Goal-Oriented Decision Making

Recently, while on the way home from an ultimate practice, I began to think about how our ultimate team functions. We have on-and-off success with RIT Ultimate, often contingent simply on how skilled and athletic our team is that year. In 2016, we had one of our best years ever, taking second at Sectionals, and winning our pool at regionals (bracket play was rained out). We lost a number of incredibly talented players this past year, however, and we’re unsure if that success is repeatable.

It was then that I realized our inconsistency was due to how we’re approaching the problem. We’re playing ultimate without an end goal in mind. We’re fitting players to an existing playstyle, rather than finding a playstyle to fit our players.
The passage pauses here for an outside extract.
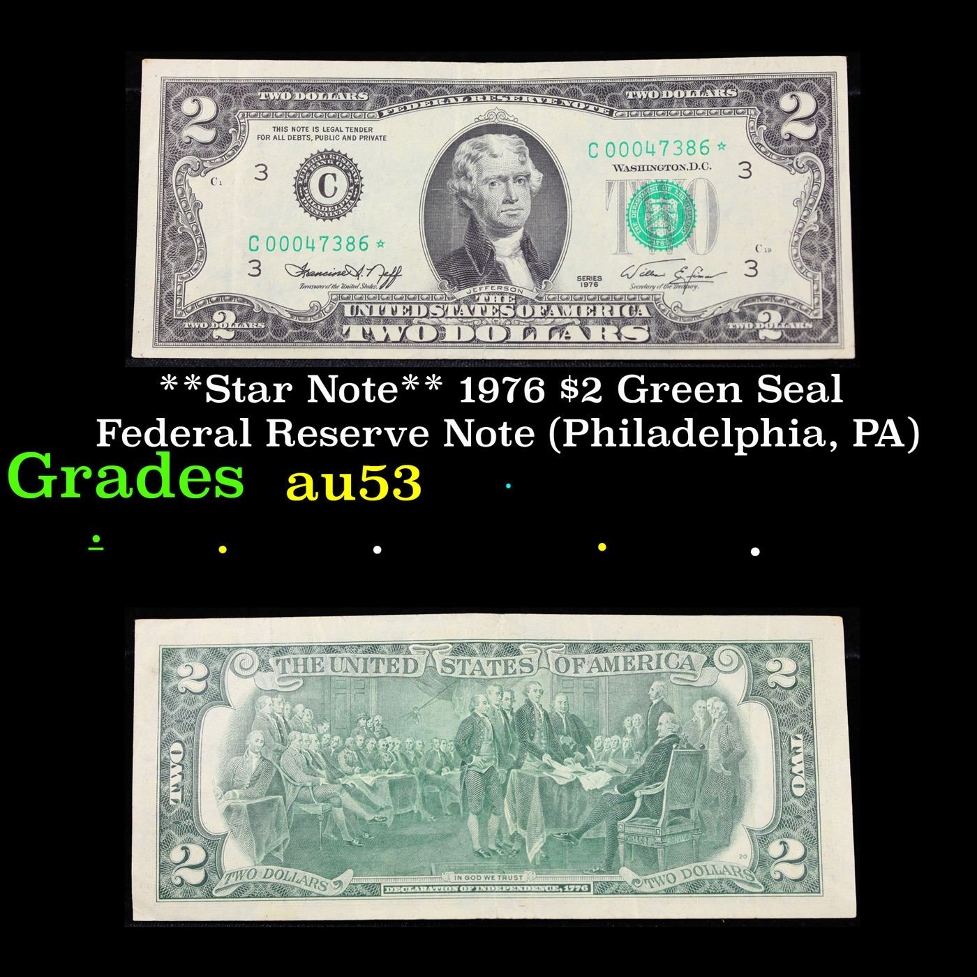**Star Note** 1976 $2 Green Seal Federal Reserve Note (Philadelphia, PA) Grades Select AU

If we want to win in 2017, we need to build an offense that fits our team’s strengths.

This is a kind of thinking I learned in FIRST- and up until this point, I had wondered why so many teams miss out on this goal-oriented decision making process.
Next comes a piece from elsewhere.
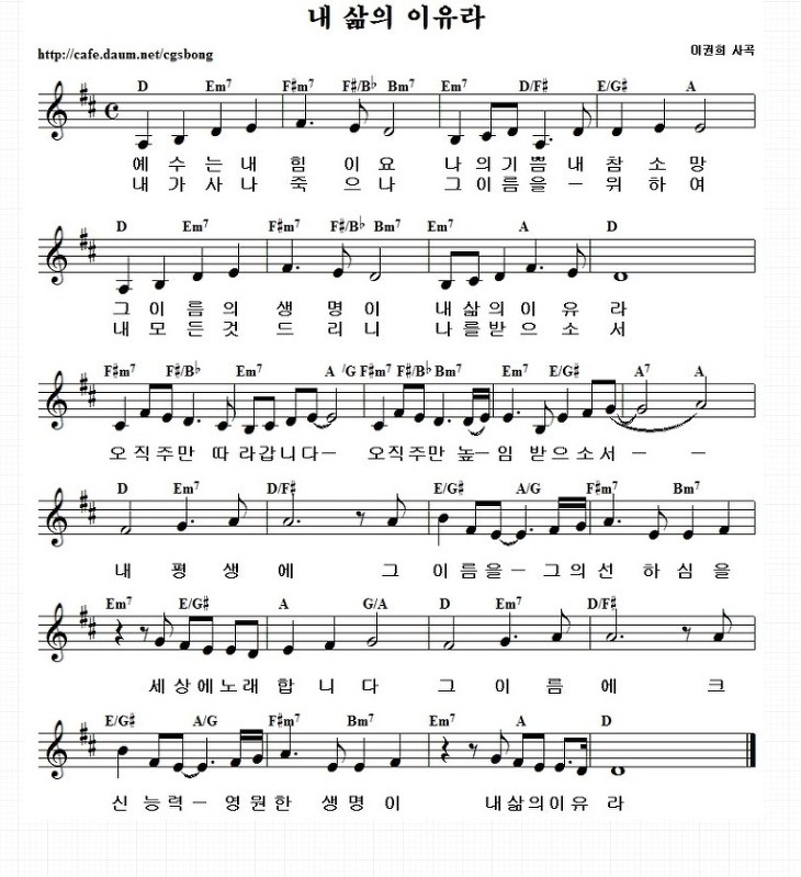 내 삶의 이유라 - 악보,가사,영상 D KEY

It comes down to the fact that goal-oriented thinking is a non-obvious process.

I never noticed my ultimate team’s problem until I was mentally comparing us to the robotics teams I’ve been involved with.
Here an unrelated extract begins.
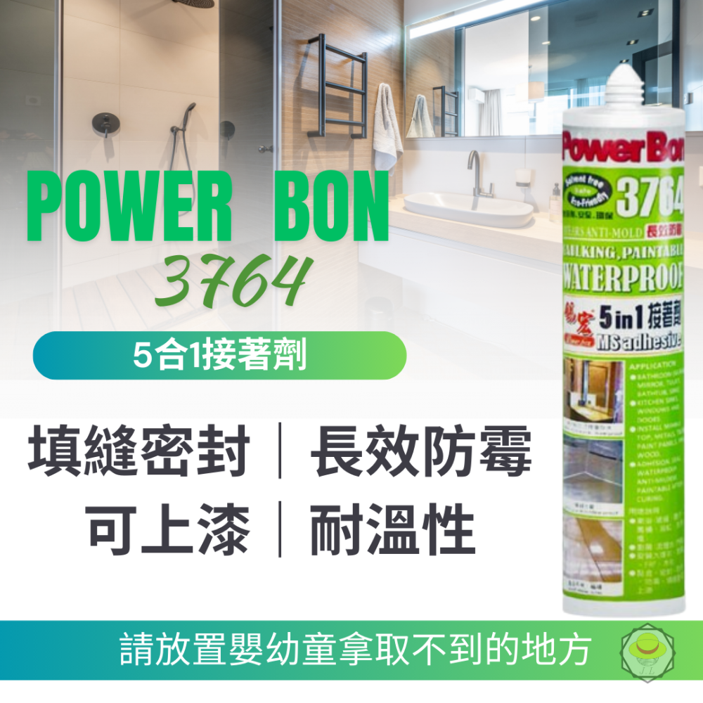 PowerBon® 5 in 1 MS 黏合劑無油,不污染基材,長效防黴,耐-40°F~200°F。

Goal oriented decision making is understanding your goals, the context in which you’re trying to achieve them, and how best to approach the problem within that context.

In FIRST, this comes up often in our strategy- strategic design, picklisting, and the strategy you use to play each match all come down to your goals. It’s not about making the best possible alliance, or scoring the most points all the time, but sometimes about selecting the safest or riskiest alliance, eliminating specific threats, or achieving certain criteria.

In sports, this might come down to understanding that your team is outclassed in some ways, but outclasses others in other ways. Using your height/speed/skills to your advantage in specific matchups. It might be playing a riskier or safer playstyle because you need to take a certain level of risk to win.

And in business, this might be realizing that your company can’t compete at one end of a market, but has the resources to compete in a certain niche of the market instead.

Whenever in life you or your team or your company come to a decision-making point, you need to remember your end goals and the context in which you’re making those decisions, and not get bogged down in pursuing other secondary goals.

Great sports examples:

  • Sweden’s defensive strategy to tie the U.S. in women’s Olympic soccer- extremely defensive strategy  caused a 2-2 tie and a shootout to decide who moved on.
  • The 2016 Superbowl with the Broncos focusing on their defense and their running game, because they couldn’t compete in an offensive showdown with the Panthers.
  • The Buzz Bullets are the best ultimate team in Japan. They have a major height disadvantage over their international opponents, as due to this, they run a quick, movement-centered offense that revolves around quick short passes.

Great Business example:

  • Tesla’s strategy to enter the car market at the top end and move downmarket as the infrastructure is built to support the top end: https://www.tesla.com/blog/master-plan-part-deux

Great FIRST examples:

  • 2014 Archimedes Quarterfinals-1. The #8 seed of 51-2485-1918-781 invented “death cycling”, a high risk, high reward strategy of fast, stationary cycles requiring specific robots to complete caused them to upset the favored #1 seed of 399-2056-2175-2834
  • 2013 Curie Division- The #1 seeded 1678 “scorched the earth” the prevent the formation of any alliances that blatantly outclassed them, then selected two robots to compliment them in 148 and 862 and managed to win the division.
  • Team 4334 in 2012 understood that they could be an ideal third robot on a championship alliance by being small and having a stellar intake. They then used a rookie-exclusive award to make it to the championship, and make it to Einstein as the third robot on the alliance of 1114 and 2056.